Metabolic demands on a fetus are limited, and the fluid-filled high-resistance fetal lungs receive only about 10% of the ventricular output. In the absence of significant atrioventricular valve regurgitation, oxygen delivery and growth of the fetus are therefore determined only by the ability of the placenta to provide oxygen-rich blood to the systemic venous atrium and the contractility of the functionally single systemic ventricle. Blood from the placenta enters the fetus through the umbilical veins and then enters the portal system, inferior vena cava, and ultimately the systemic venous atrium via the ductus venosus. In fetuses with a structurally normal heart, umbilical venous blood has an oxygen saturation of about 80% to 85% and a PO 2 of about 32 to 35 mm Hg, although this may be diminished in fetuses with CHD.

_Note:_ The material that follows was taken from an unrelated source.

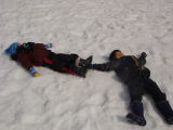 マキノ高原へ(平成22年2月14日)今日は家族で滋賀県のマキノ高原に行ってきました! 子供たちも、そしてママも初めての雪遊びです(笑) 朝9時ごろ家を出発して途中、子供たちのズボンとおーちゃんの 長靴を購入。 マックのドライブスルーで昼ごはんを食べた後、 12時ごろに到着しました。 結構な人で、一応スキー場みたいなんだけどすごくなだらかな 斜面(と言えるのか)なので子供が沢山。 おーちゃんもきーくんも すごく嬉しそうではしゃぎまくり♪ ママも実はこんな積もっている雪は初めてだったので 本当になんか不思議な感じがしてました。 そりで斜面をすべったり、雪だるまを作ったり、雪合戦をしたり。 いい表情をしていた 二人です。 一時間半ほど遊んだら、雪が長靴に入って冷たくなった〜とおーちゃんがゴネだし・・・・。 (きーくんも靴の中はぐちょぐちょだったのに、きーくんは遊び倒していたよ・・・) そのまま、そこにあった温水プールへ。 自分たちはプールに入っているのに、ガラスの外 ではたくさんの人が雪遊びをしているという、妙な光景でした〜。 きーくんは「今日は幸せやわ〜♪」としきりに言ってたよ(笑・・・雪遊びとプールがいっぺん に出来たのでらしいです) 「帰ったら二度とこーへんのやろ」と今度は帰りたくないと ごねていたおーちゃんです。 また行きたいなぁ☆ |

The dramatic changes in physiology seen with the transitional circulation in neonates with structurally normal hearts (fall in PVR; increase in pulmonary blood flow; increase in combined ventricular work; increase in systemic ventricular afterload; closure of the ductus venosus, ductus arteriosus, and foramen ovale, among others; see also Chapter 15 ) result in hemodynamic abnormalities that are quite variable, depending on the individual anatomy of the fUVH and the timing of “transition.” It is beyond the scope of this chapter to define these changes for the myriad of individual structural defects with “single ventricle physiology”; suffice it to say that the initial principles of presurgical management are in most cases directed toward mimicking the fetal circulation :
Ensuring continued patency of the ductus arteriosus
Minimizing restriction at the atrial level (if present)
Manipulating the distribution of the fUVH cardiac output, typically with strategies that keep PVR elevated and systemic vascular resistance low
Clarifications and Proposed Changes to Terminology Used in the Neonate, Infant, and Child With a Functionally Univentricular Heart
Previously, the circulation of the neonate with a fUVH, both before and after surgical palliation, has been described as a parallel circulation . We feel that this is an inaccurate term for babies with a fUVH, as a truly parallel circulation should be reserved for neonates with unrepaired transposition of the great arteries (see Chapter 37 ). More accurately, the fUVH must distribute the ventricular output to both the pulmonary and systemic vascular beds, and if there is atrioventricular valve regurgitation, retrograde to the atrium. Thus, rather than a “parallel circulation,” the physiology in the neonate with a fUVH is better described as a multidistribution circulation ( Fig. 70.2 ).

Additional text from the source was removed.